◆ **PROBLEM TO WORK ON**:
The line containing "В 2013 году", and every line after it to the end of the listing, should be repeated exactly; the pictures should not.

◆ **INPUT DATA**:
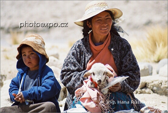 Matka se synem čekají na turisty, kterým by prodali své suvenýry - produkty z vlny lam alpak. Altiplano, Peru.
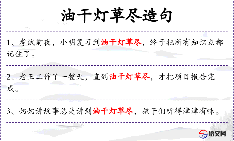 2. 【油干灯草尽】 - 比喻很快就要死亡。
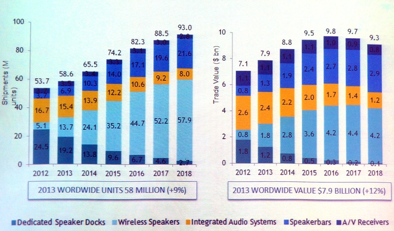 В 2013 году рынок домашнего аудио вырос на 12% в денежном отношении, достигнув $7,9 млрд. Всего на рынок было поставлено 58 млн устройств, что на 9% больше результатов 2012 года. Как видно на графике, главным драйвером роста стали беспроводные аудиосистемы:
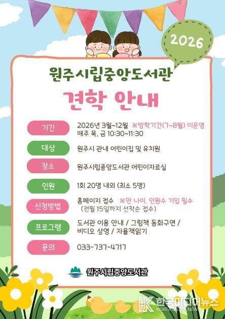 [ 한국미디어뉴스 이원영 기자 ] 원주시립중앙도서관은 오는 3월부터 12월까지 관내 유치원과 어린이집을 대상으로 도서관 견학 프로그램을 운영한다.

◆ **ANSWER SPACE**:
 В 2013 году рынок домашнего аудио вырос на 12% в денежном отношении, достигнув $7,9 млрд. Всего на рынок было поставлено 58 млн устройств, что на 9% больше результатов 2012 года. Как видно на графике, главным драйвером роста стали беспроводные аудиосистемы:
 [ 한국미디어뉴스 이원영 기자 ] 원주시립중앙도서관은 오는 3월부터 12월까지 관내 유치원과 어린이집을 대상으로 도서관 견학 프로그램을 운영한다.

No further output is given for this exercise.